Umbrella fund structures are a form of investment fund that makes it possible to combine several individual funds under one umbrella. The difference between an umbrella fund and a fund of funds is that the sub-funds of an umbrella fund are always managed by the same investment company.
Summary of umbrella funds
Diversity of funds
An umbrella fund consists of several sub-funds (also known as sub-funds or segments), each of which may have different investment strategies, assets or investment objectives.
All sub-funds within an umbrella fund are managed by the same fund management company. This allows for efficient management and use of resources.
Separate legal entities
Each sub-fund of an umbrella fund is a separate legal entity, which means that losses or gains of one sub-fund are not transferred to others.
Pooling of resources and joint management can reduce costs and take advantage of economies of scale.
Advantages of umbrella funds
Investors can invest in different investment strategies and assets by acquiring units in different sub-funds of the same umbrella fund. This enables a broader spread of risk.
Efficiency and flexibility
The structure allows fund managers to change investment portfolios or create new sub-funds to adapt to market conditions or investor needs without having to set up a separate fund.
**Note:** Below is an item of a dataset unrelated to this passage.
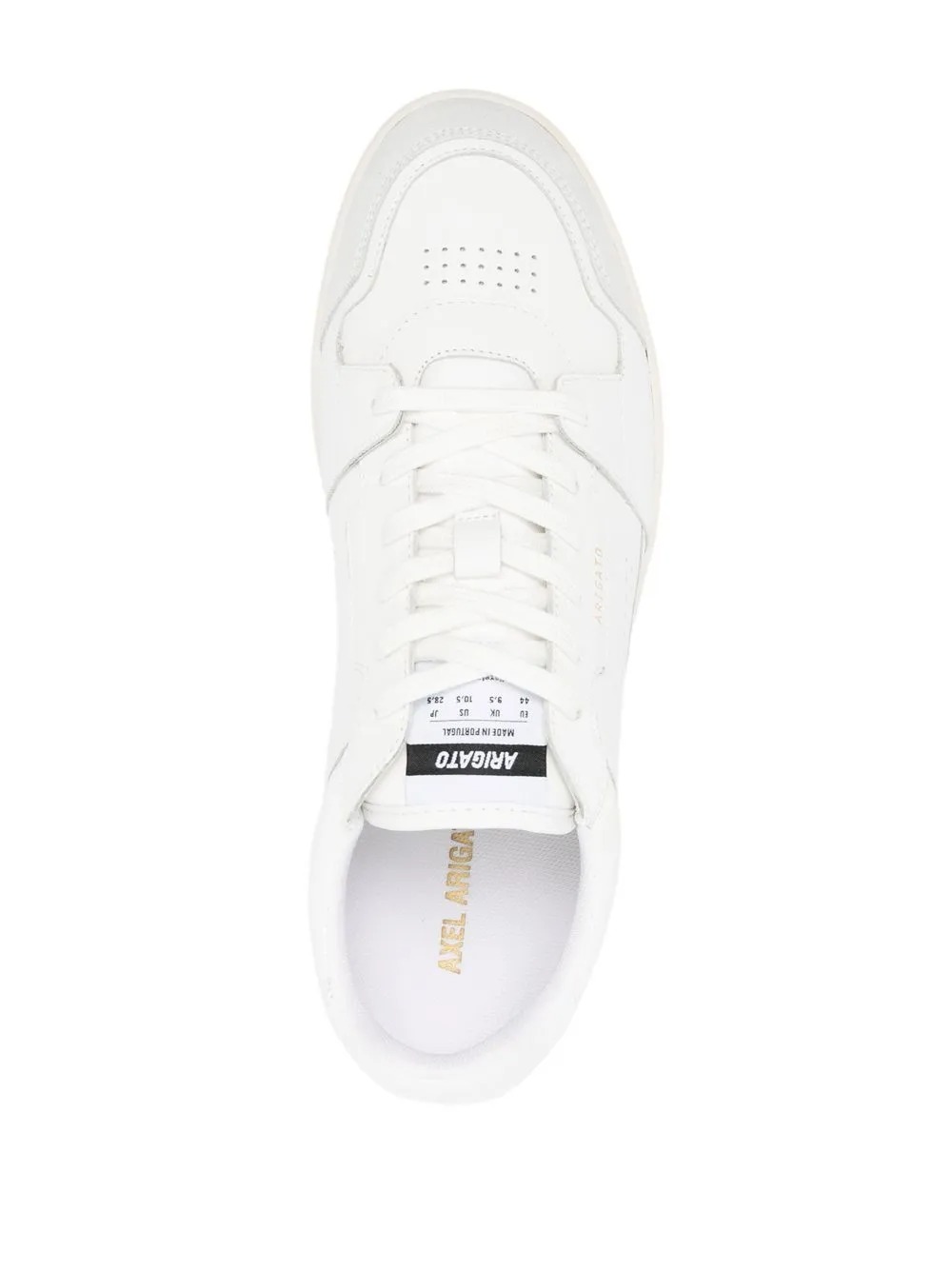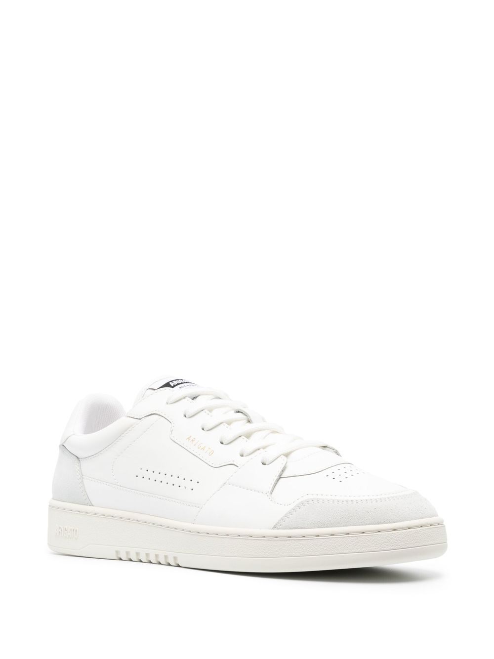Sneakers bianche Dice Lo di Axel Arigato in pelle con punta tonda, dettaglio laterale traforato, applicazione di pannelli in pelle scamosciata, logo patch sulla linguetta, chiusura frontale con lacci e suola piatta in gomma.

For investors, administration can be made easier as they can hold different investment strategies within a single fund, which can mean less administrative work.
By sharing resources and managing multiple sub-funds under one umbrella, costs can be reduced, potentially leading to lower fees for investors.
Depending on tax law, umbrella fund structures may offer certain tax advantages, particularly in relation to the taxation of capital gains.
Umbrella fund structures offer an attractive way for asset managers to implement their investment strategy quickly and flexibly, while benefiting from efficiency and strong cost advantages.